In 2018, I received a third SSHRC Insight grant to look at the history of the mine-workers who were engaged with Mauritania's first modern industry, the iron-ore complex in Zouerate that ships raw ore almost 700kms across the desert on what is called the 'world's longest train' to the Atlantic port of Nouadhibou. My initial project saw these workers primarily as haratine [see SSRHC project (2018-23)]. And while it is true that I initially had interviews with haratine who were among its early 1960s workers and that recently, statistics tell us the majority of workers are haratine, what my research revealed is that the first generation or two or workers were NOT, for the most part of this social class! This is an example of on-the-ground research actually challenging the original hypothesis. It is also an example of persistence paying off. It took some time to locate and get access to the kind of Company archives that are rich in social history. As it happened, this occured at the peak of the Covid pandemic, so perhaps all the more amazing.
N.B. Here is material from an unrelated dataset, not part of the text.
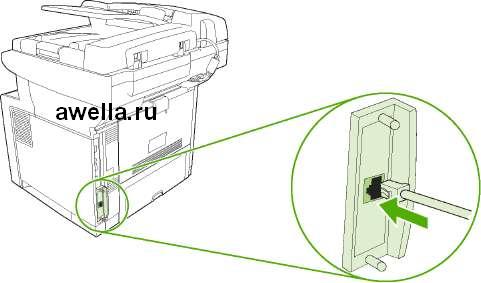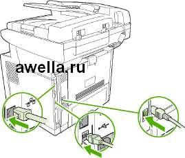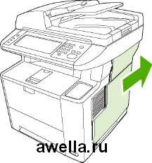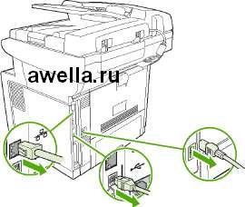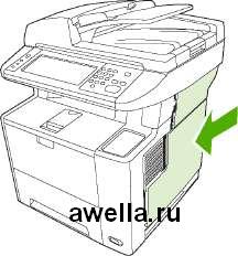 В этом устройстве МФП используется также разъем, позволяющий расширить сетевые возможности МФП. Разъем можно использовать для создания дополнительного сетевого соединения, например, посредством сервера печати с возможностями беспроводной связи, сетевой карты или коммуникационной карты для подключения последовательных устройств или устройств AppleTalk.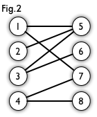 我们定义匹配点、匹配边、未匹配点、非匹配边,它们的含义非常显然。例如图 3 中 1、4、5、7 为匹配点,其他顶点为未匹配点;1-5、4-7为匹配边,其他边为非匹配边。

The upshot is that I now find the project focusing principally on the early years of the company, from the 1950s when it used local labour to put infrastructure in place, through the 1960s when labour was recruited from as far away as Senegal and Guinea and when Mauritania knew its first workers' strike, through to the 1970s when it transitioned to a 'nationalized' Mauritanian company (SNIM) in 1974 and when it survived -- just barely -- the challenges of the War in the Sahara in the last part of the decade. I am now working with a massive data base of worker information that includes computerized records, physical personnel archives and interviews with retired miners, as well as former CEOs. I'm therefore shifting my focus more into labour history methodologies and current historiography, while still trying to explore the intersection between African and Global labour. This is hugely exciting and I am not yet sure where it will lead in the coming years.